NotThatSoph
lemons are annoying
- Joined
- Sep 12, 2019
- Messages
- 4,740
Understood, I don't remember that to be honest. I remember people being put down for saying Russia/Putin had to invade etc. which seems completely ridiculous, even more so now. I thought it was the popular viewpoint that the US would relish one of its main rivals getting bogged down in long drawn out war.
There had definitely been a lot of pushback on obvious things like this being a proxy war, though it's not the thing that makes people the most angry.
Both in this thread and society in general, it's interesting how a war like this impacts discourse. Talking about NATO expansion has been completely normal for decades: as a concept, as geopolitical strategy, and directly related to Russia. Now, because some have claimed that NATO expansion was one of the reasons Russia chose to invade, and a subset of those again using it as a justification, this completely normal topic has been completely tabooed.
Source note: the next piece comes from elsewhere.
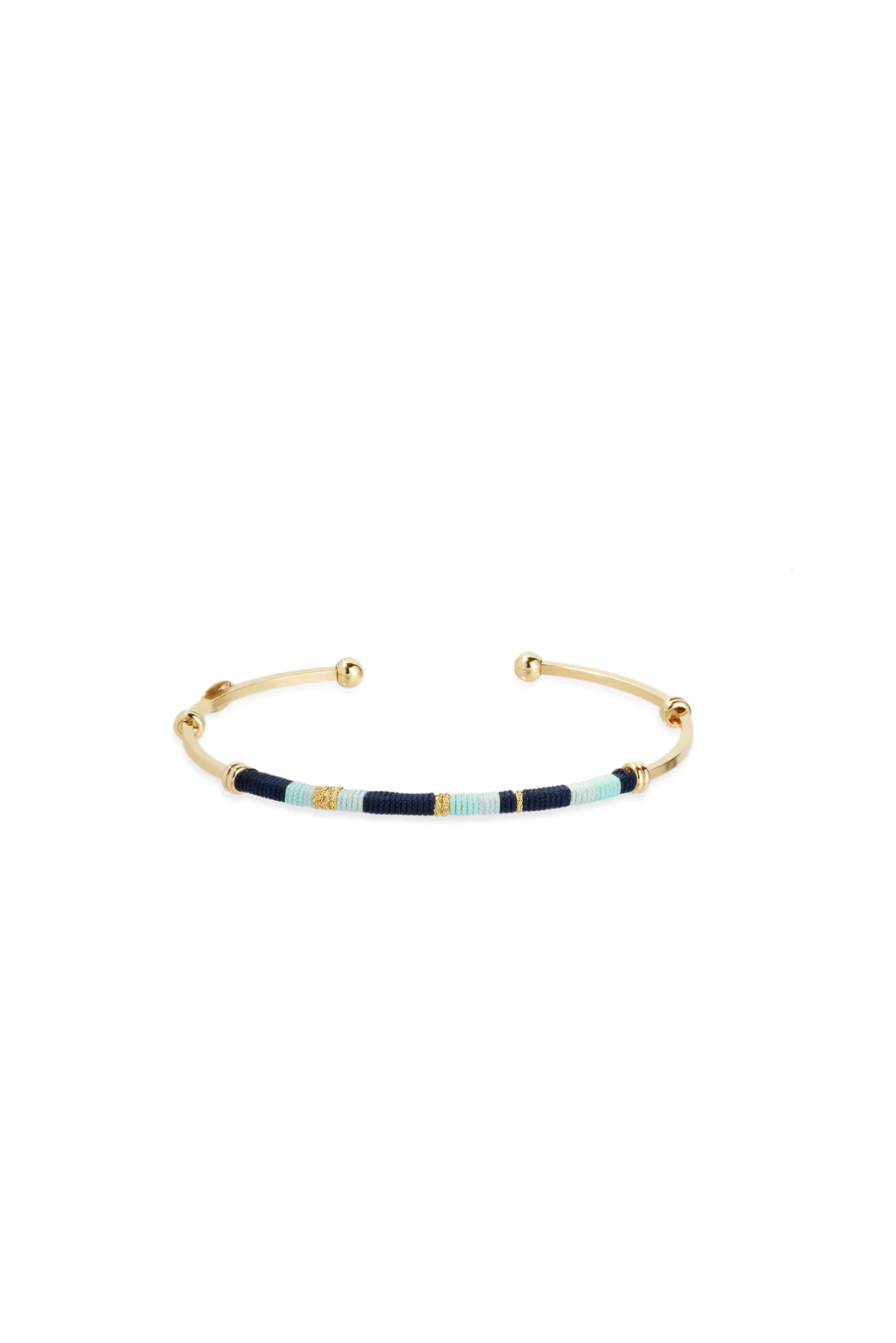 The Zanzibar bracelet draws inspiration from the Maasai spirit, inspired by a journey of André Gas, and celebrates the art of wrapping, a signature of Maison-Atelier. This delicate gold-plated bangle, partially wrapped with colourful threads, reflects a sunny and elegant style.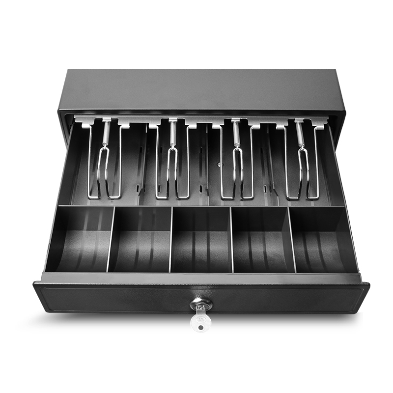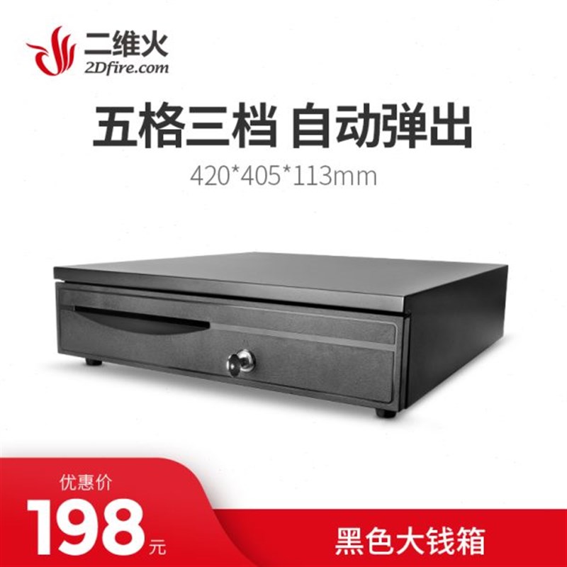 黑色大钱箱 二维火收银机收款收A银钱箱 钱柜钱盒S子带锁 五格三

I'm sure I've told this story before, but I was watching an interview with some previous NATO bigshot, on a topic not related to Russia or Ukraine, and you could feel the tension when the once super common term was almost used: "[blaba] NATO expan... enlargement". You have to be able to talk about the concept still, but it's no longer socially or politically viable to use the words.
Similarly, in material talking about militant white supremacists, the Azov battalion had been a common topic of conversation for the last decade, for several reasons: it being an organized far white militia in and of itself, it being a way for far right people to travel to gain fighting and organizational experience, it being a recruitment network for the far right, and its position in far right general propaganda and advertisement. But now, because Putin made up the whole denazification thing as for why he invaded, any talk of Nazism is Russian propaganda and is getting memory holed. It's ignored, denied, downplayed, and the in vogue thing is to uncritically buy the nakedly politically convenient rebranding, even though no one believed that prior to 2022.
It's weird watching these 180 switch ups happen in real time.